There are several solar energy technologies, which can be arranged along the following continuum: (1) passive and active, (2) thermal and photovoltaic (PV), and (3) concentrating and nonconcentrating. Passive solar energy technology collects the energy without converting the heat or light into other forms. In contrast, active solar energy technology refers to the harnessing of solar energy to store it or convert it for other applications and can be broadly classified into two groups, namely, PV and solar thermal. Solar PV cells are the “high-tech” option among active solar energy strategies, directly converting solar energy to electricity. Solar thermal applications include two distinct technological streams. The first stream, referred to as solar thermal nonelectric, includes applications such as agricultural drying, solar water heaters, solar air heaters, solar cooling systems, and solar cookers. The second stream of solar thermal technology, referred to as solar thermal electric, includes technologies that use the sun's heat to produce steam and generate electricity. The final characteristic in the continuum of solar energy technologies is concentrating versus nonconcentrating technologies.

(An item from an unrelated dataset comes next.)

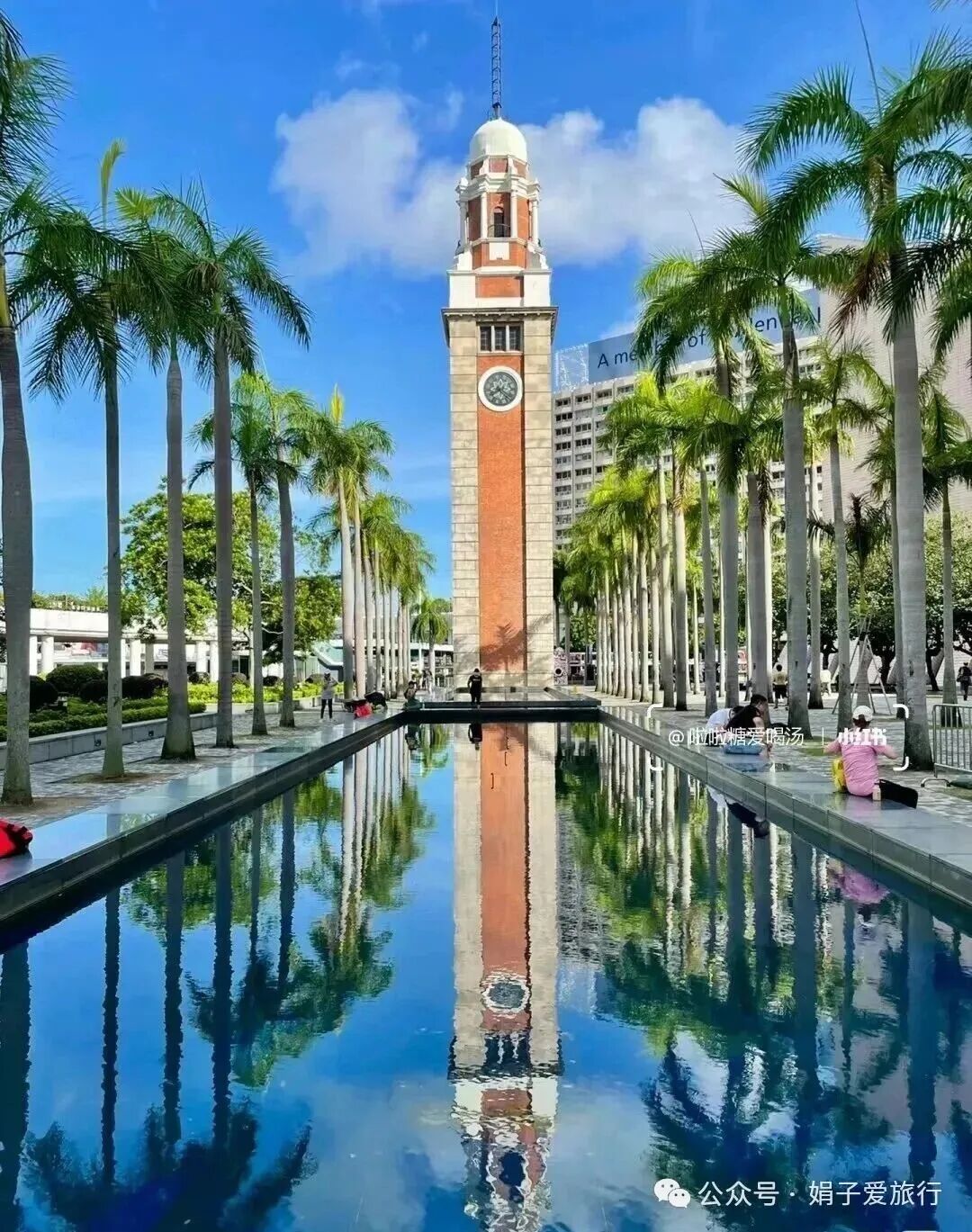 【香港钟楼】:钟楼全称九龙铁路钟楼,高 45 米,建于 1915 年,是蒸汽火车时代的标志,被视为九龙的地标,可到钟楼最佳观景台悠闲的欣赏维多利亚港夜景。
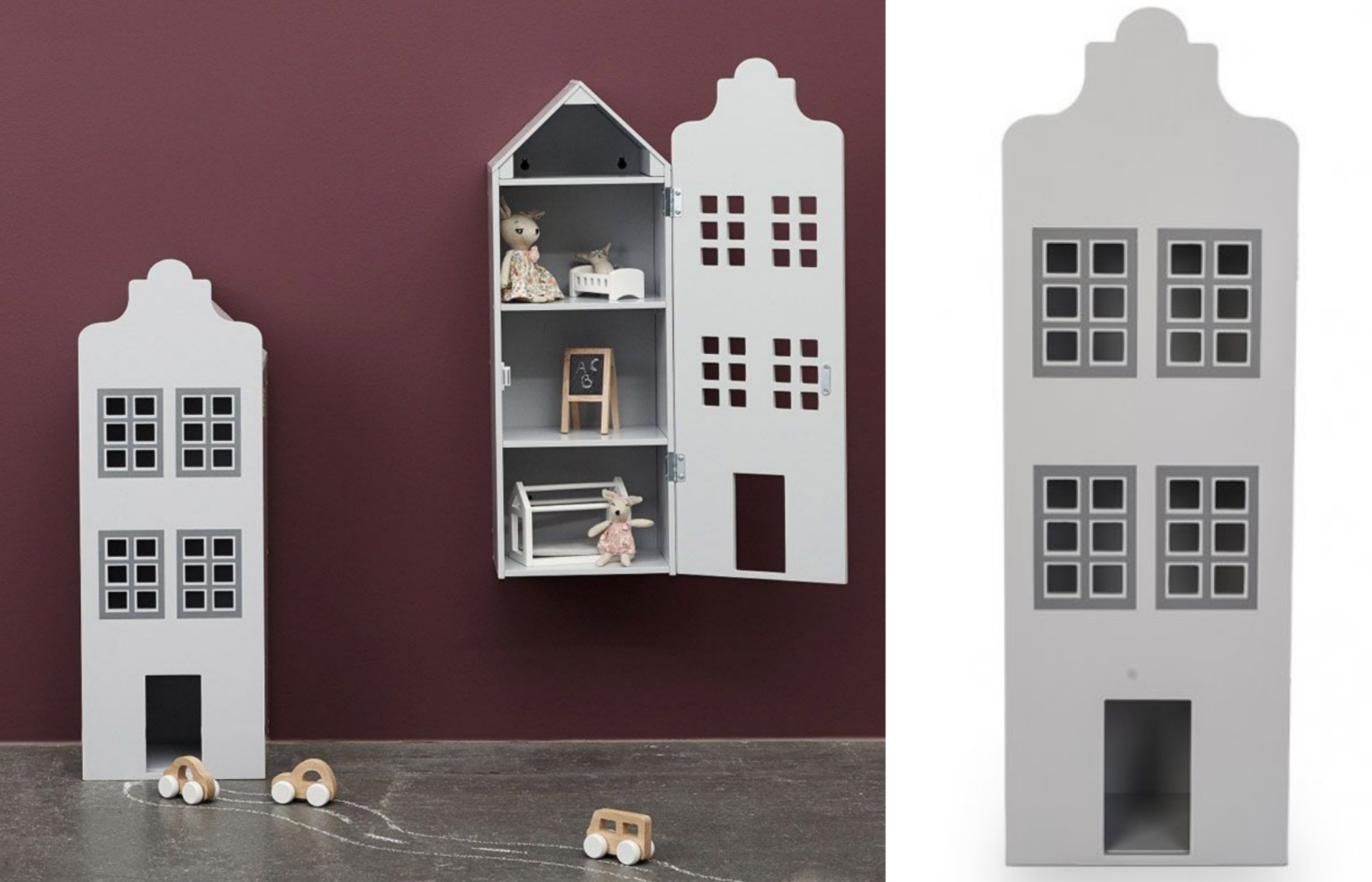 Dit huisje tevens te gebruiken als wandkast in een modieuze kinderkamer.

Concentrating solar power (CSP) technologies use mirrors or lenses (concentrators) to focus sunlight and thus increase the intensity of light in the focus area. In addition to CSP, concentrators can be applied in PV technologies as well by using a dish collector or optical lenses to concentrate sunlight on a smaller cell area.

The solar hot water system at the Adams County Detention Facility, northeast of Denver, Colorado, has been operating since 1988; it exemplifies the benefits users can reap from solar heat. This parabolic trough-based system supplies 46% of the hot water used in the jail's kitchen, laundry, and showers, which is about 20,000 gallons per day.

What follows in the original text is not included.